Trading With The Moving Average Convergence & Divergence (MACD)
The MACD is occasionally referred to as the king of oscillators. It works well both in trending and ranging markets because it makes use of moving averages to offer a visual display of alternation in momentum.
When you have figured out whether the market is ranging or trending, there are two factors that serve as a signal for this indicator, you’ll be required to discover.
The first one is to identify the lines in connection to the zero line which spots an upward or downward bias of the currency pair.
The next thing to do after that is to discover a crossover or cross under of the MACD line (Red) to the Signal line (Blue) for a buy or sell trade, correspondingly.
Similar to other indicators, the MACD works best when attached with a known trending or ranging market. As soon as you discover the trend, your best bet is to take to take crossovers of the MACD line in the trend direction.

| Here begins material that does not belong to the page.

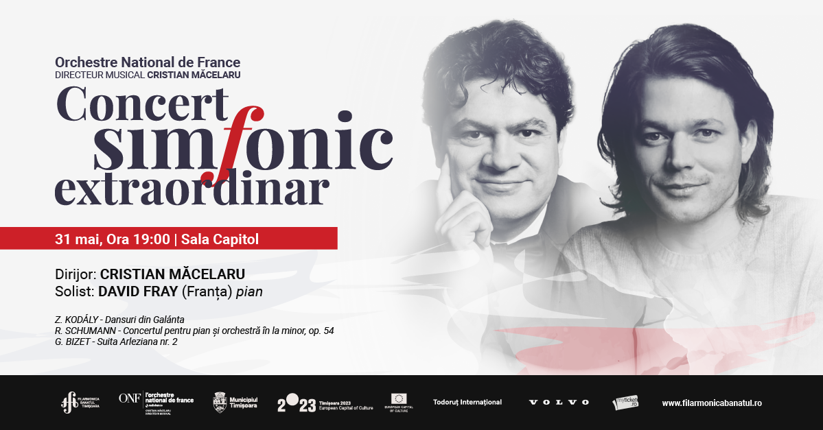 Luna mai se încheie cum nu se poate mai fastuos, cu un concert extraordinar al renumitei ORCHESTRE NAȚIONALE A FRANȚEI (ORCHETRE NATIONAL DE FRANCE), sub bagheta dirijorală a maestrului CRISTIAN MĂCELARU. Solist al concertului va fi pianistul francez DAVID FRAY.

When you’ve entered the trade, you can position stops under the current price extreme before the crossover, and situate a trade frontier at two times the amount you risk.
Conclusion
When you are searching for the most popular forex trading indicator, it must be the one that is most suitable for your needs and trading style. It may be better for you to make use of a combination of indicators. You make one a primary indicator for identifying a trend and make use of the second one as a filter to confirm the trend. It would regularly tell you whether the market condition warrants trading or not.